Action item:
Look through the entries below and extract exactly the lines from the one containing "4年生が、町野町在住の輪島塗" through the one containing "中咨公司牢記初心使命,以習近", ends included.

Task material:
● ● ● ●

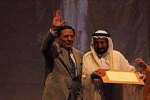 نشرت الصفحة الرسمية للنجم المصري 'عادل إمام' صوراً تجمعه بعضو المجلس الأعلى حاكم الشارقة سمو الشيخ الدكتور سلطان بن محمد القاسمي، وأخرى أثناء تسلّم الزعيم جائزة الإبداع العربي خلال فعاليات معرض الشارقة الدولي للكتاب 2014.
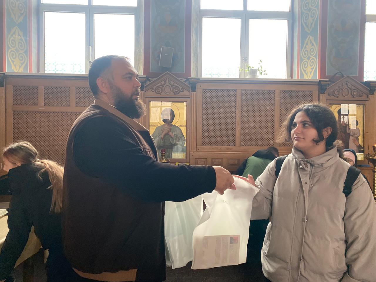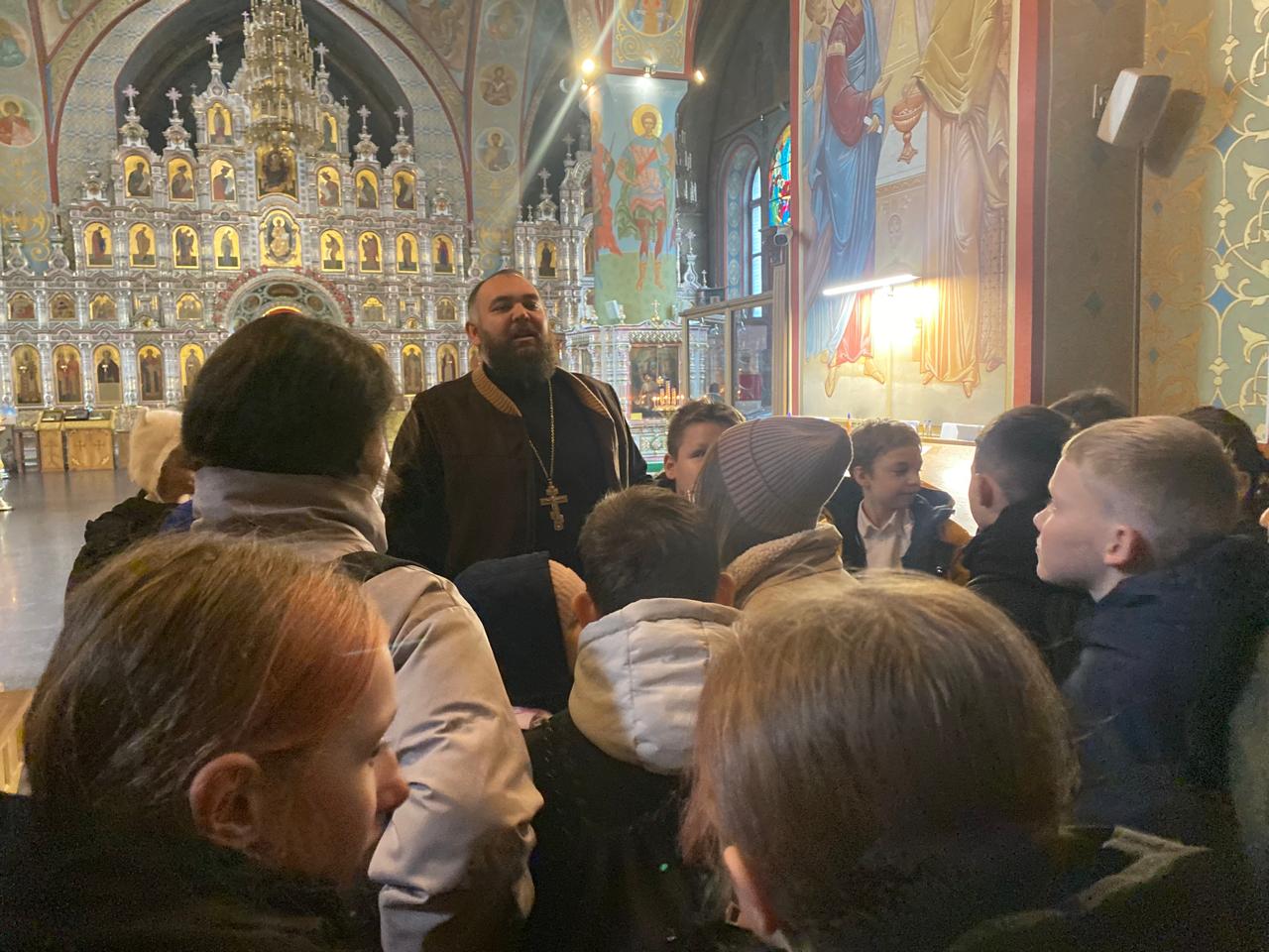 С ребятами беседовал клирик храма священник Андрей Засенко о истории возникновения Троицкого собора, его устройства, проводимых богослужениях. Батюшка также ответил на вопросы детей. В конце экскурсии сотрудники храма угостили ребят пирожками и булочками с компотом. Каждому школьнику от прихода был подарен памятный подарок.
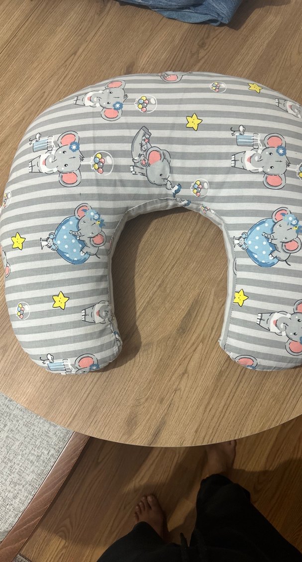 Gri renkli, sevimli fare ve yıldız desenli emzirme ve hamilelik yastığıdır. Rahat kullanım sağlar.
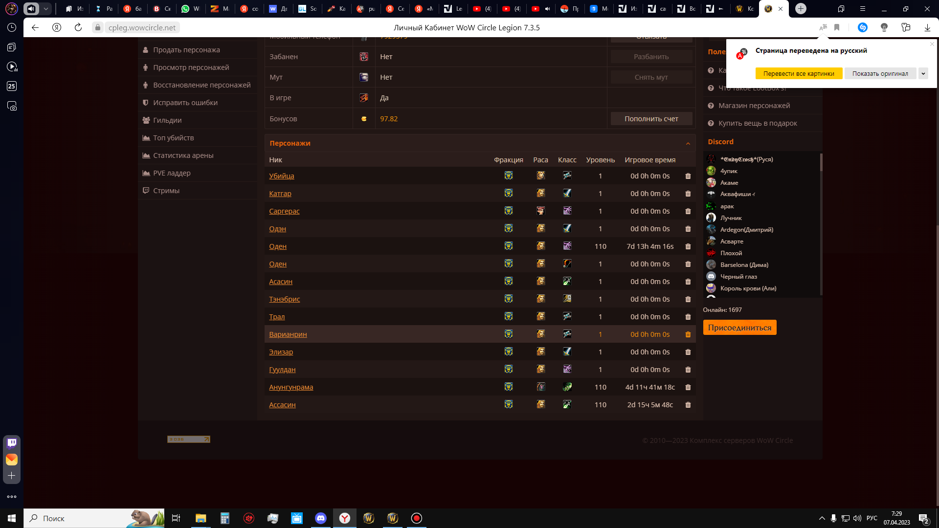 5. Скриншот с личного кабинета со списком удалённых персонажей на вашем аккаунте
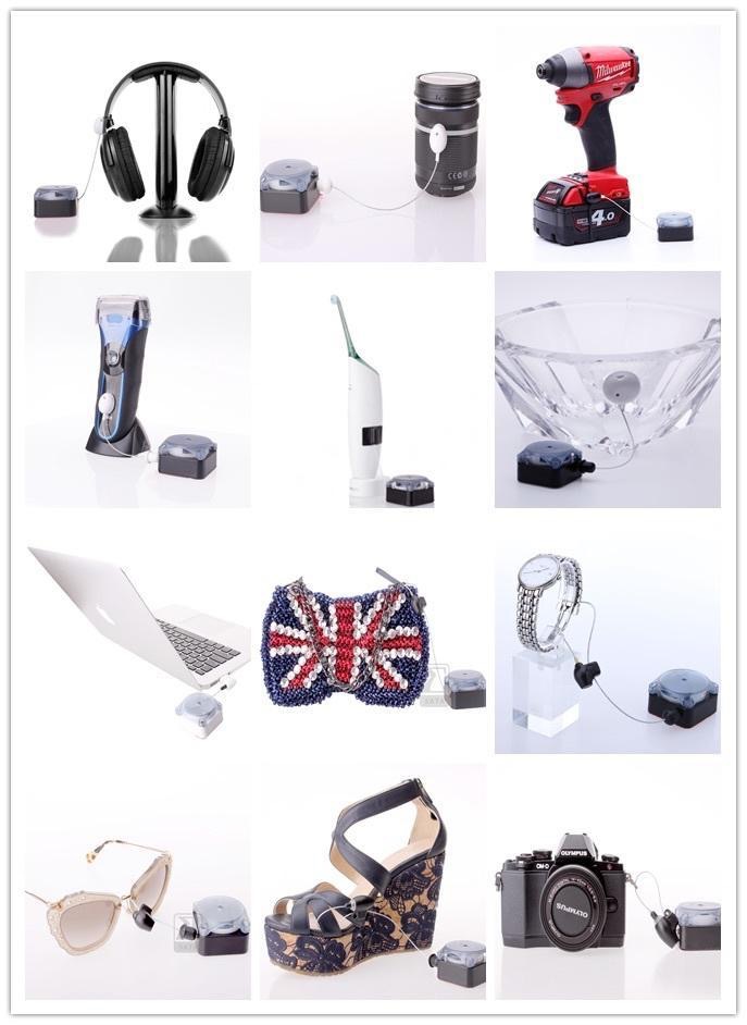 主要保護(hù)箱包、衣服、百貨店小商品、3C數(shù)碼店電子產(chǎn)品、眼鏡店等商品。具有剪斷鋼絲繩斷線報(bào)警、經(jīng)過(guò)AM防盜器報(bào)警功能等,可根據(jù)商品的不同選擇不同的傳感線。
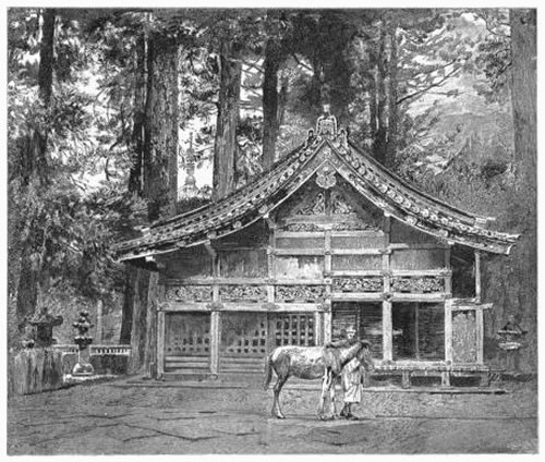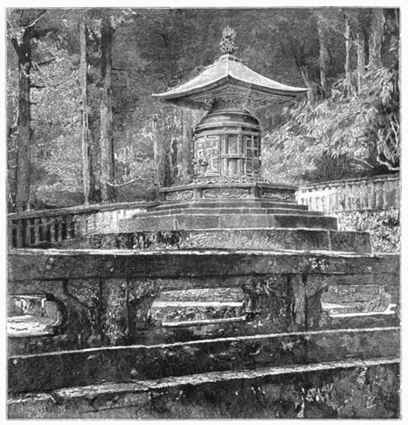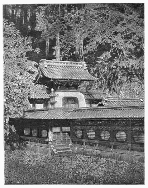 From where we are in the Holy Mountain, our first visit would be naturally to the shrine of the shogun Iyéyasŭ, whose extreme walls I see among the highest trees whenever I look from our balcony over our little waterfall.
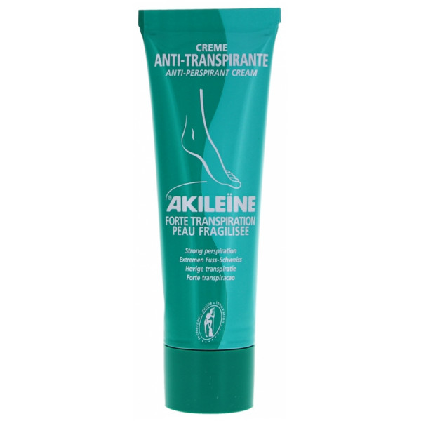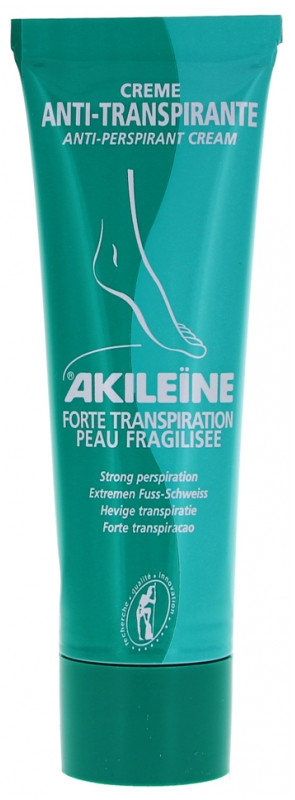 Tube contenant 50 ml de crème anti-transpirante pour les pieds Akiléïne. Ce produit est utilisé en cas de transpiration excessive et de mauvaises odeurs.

● ● ● ●

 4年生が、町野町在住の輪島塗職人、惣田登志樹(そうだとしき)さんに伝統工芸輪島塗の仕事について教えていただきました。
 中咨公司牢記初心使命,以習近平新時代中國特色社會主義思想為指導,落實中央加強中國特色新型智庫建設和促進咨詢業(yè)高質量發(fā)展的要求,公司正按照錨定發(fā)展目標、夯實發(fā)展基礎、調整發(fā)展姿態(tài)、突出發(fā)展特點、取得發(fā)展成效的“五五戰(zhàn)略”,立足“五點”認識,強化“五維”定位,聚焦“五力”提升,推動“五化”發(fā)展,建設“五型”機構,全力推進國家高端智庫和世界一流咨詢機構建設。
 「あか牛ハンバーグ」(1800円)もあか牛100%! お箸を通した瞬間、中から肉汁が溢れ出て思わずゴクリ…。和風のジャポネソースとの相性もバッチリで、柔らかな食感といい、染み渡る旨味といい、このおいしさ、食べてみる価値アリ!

● ● ● ●

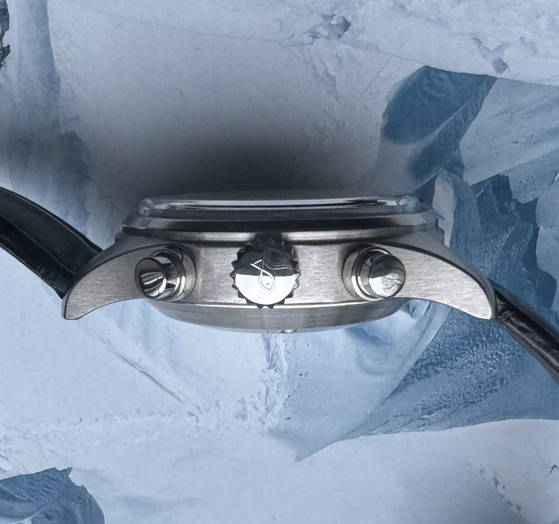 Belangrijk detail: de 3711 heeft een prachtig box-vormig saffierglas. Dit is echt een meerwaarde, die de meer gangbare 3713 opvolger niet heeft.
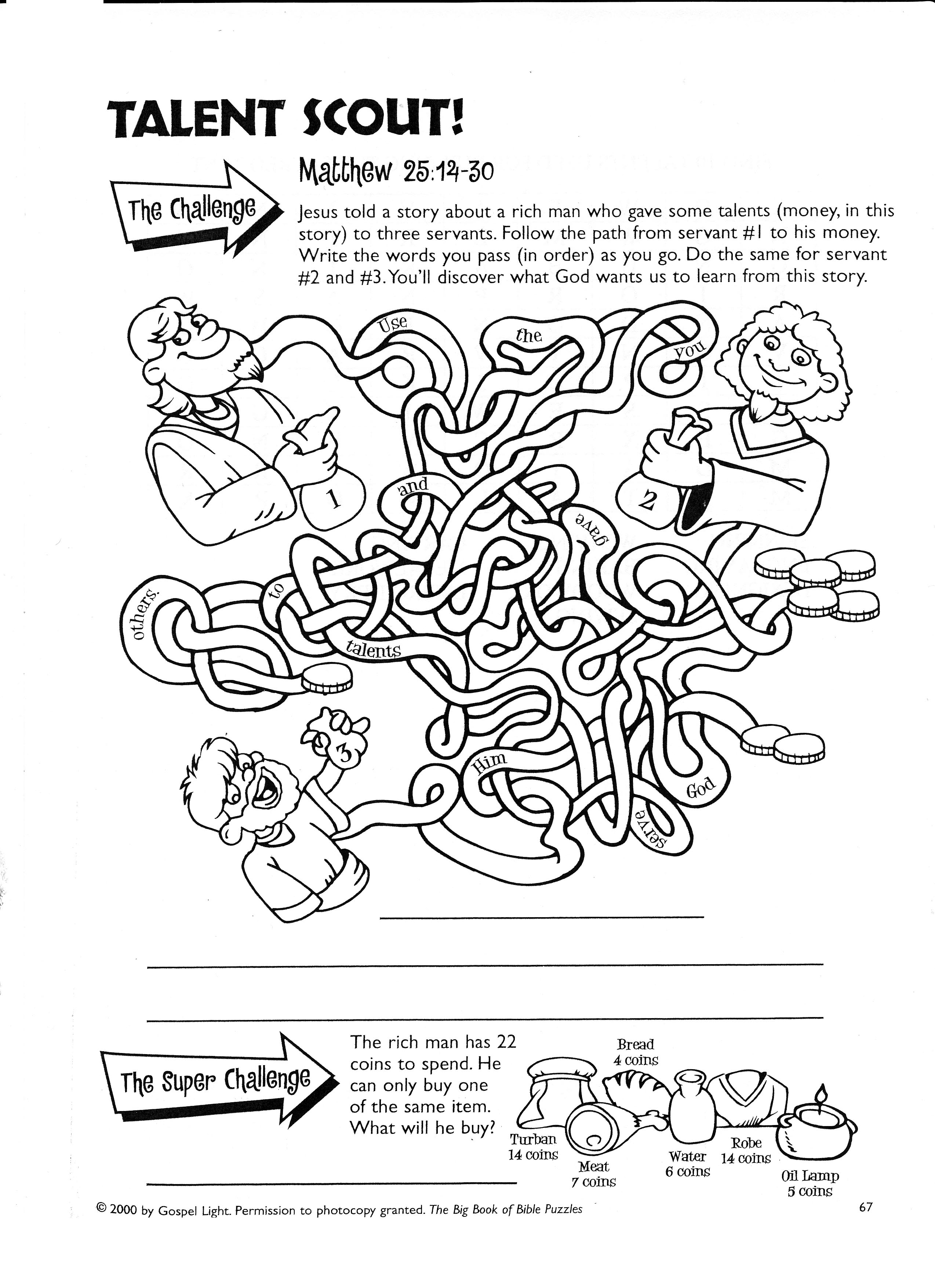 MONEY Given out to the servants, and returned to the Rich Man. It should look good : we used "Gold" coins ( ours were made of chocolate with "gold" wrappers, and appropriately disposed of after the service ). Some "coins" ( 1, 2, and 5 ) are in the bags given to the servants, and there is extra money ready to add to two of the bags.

● ● ● ●

Answer to this problem:
 4年生が、町野町在住の輪島塗職人、惣田登志樹(そうだとしき)さんに伝統工芸輪島塗の仕事について教えていただきました。
 中咨公司牢記初心使命,以習近平新時代中國特色社會主義思想為指導,落實中央加強中國特色新型智庫建設和促進咨詢業(yè)高質量發(fā)展的要求,公司正按照錨定發(fā)展目標、夯實發(fā)展基礎、調整發(fā)展姿態(tài)、突出發(fā)展特點、取得發(fā)展成效的“五五戰(zhàn)略”,立足“五點”認識,強化“五維”定位,聚焦“五力”提升,推動“五化”發(fā)展,建設“五型”機構,全力推進國家高端智庫和世界一流咨詢機構建設。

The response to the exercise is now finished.